Don’t let the new dawn be turned false
The end came as it does inevitably to all autocrats and dictators. The five-time prime minister with questionable electoral credentials, who mutated from an elected prime minister in 1996 to the worst autocrat the country has suffered, was forced out of the illegal power she had acquired in the face of a popular uprising, the tide of which no state machinery could stem.
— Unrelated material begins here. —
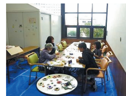
折紙教室(八王子市赤十字奉仕団)
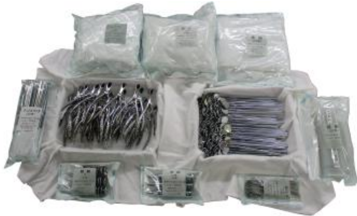
貸出器材例（イメージ）

Her deft application of the principles of CMR and her investment in the military in the 15 years of her misrule paid off. She was given a safe exit. Not only that—she, after being ferried to the nearest Indian airport, was eventually deposited in New Delhi, in a BAF C-130, where she is now happily ensconced. Her personally close connection with the Indian authorities and her over-all India policy have paid good dividends, because Delhi is likely to be her next abode for the foreseeable future, a denouement to Hasina's political career that most people had anticipated.
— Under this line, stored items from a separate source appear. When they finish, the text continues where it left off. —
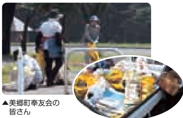
▲美郷町奉友会の皆さん
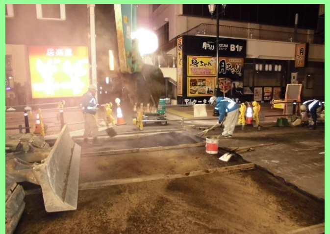
③車道工事施工状況(平成29年12月19日撮影)
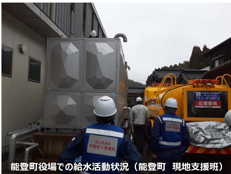
能登町役場での給水活動状況（能登町 現地支援班）

I feel the time is past to dwell on whether she should have left sooner and avoided the killings that she presided on. Enough it is to say that she could have, but drunk in the elixir of power, she suffered from a psychological state that all autocrats and dictators who use the state institutions to validate the usurpation of political power suffer from—a euphoria, a feeling of perpetuity, had engulfed her. She wanted to stay in power on the blood of the youths. No movements in the history of Bangladesh have taken so many lives in so few days as the quota reform movement. Even if one were to take the official count, the numbers will shame even the Kim Ill Sungs and Stalins. What is reprehensible is the attempt by ministers to put the blame on so-called miscreants, washing all responsibilities of the killings off the hand of the law enforcement agencies.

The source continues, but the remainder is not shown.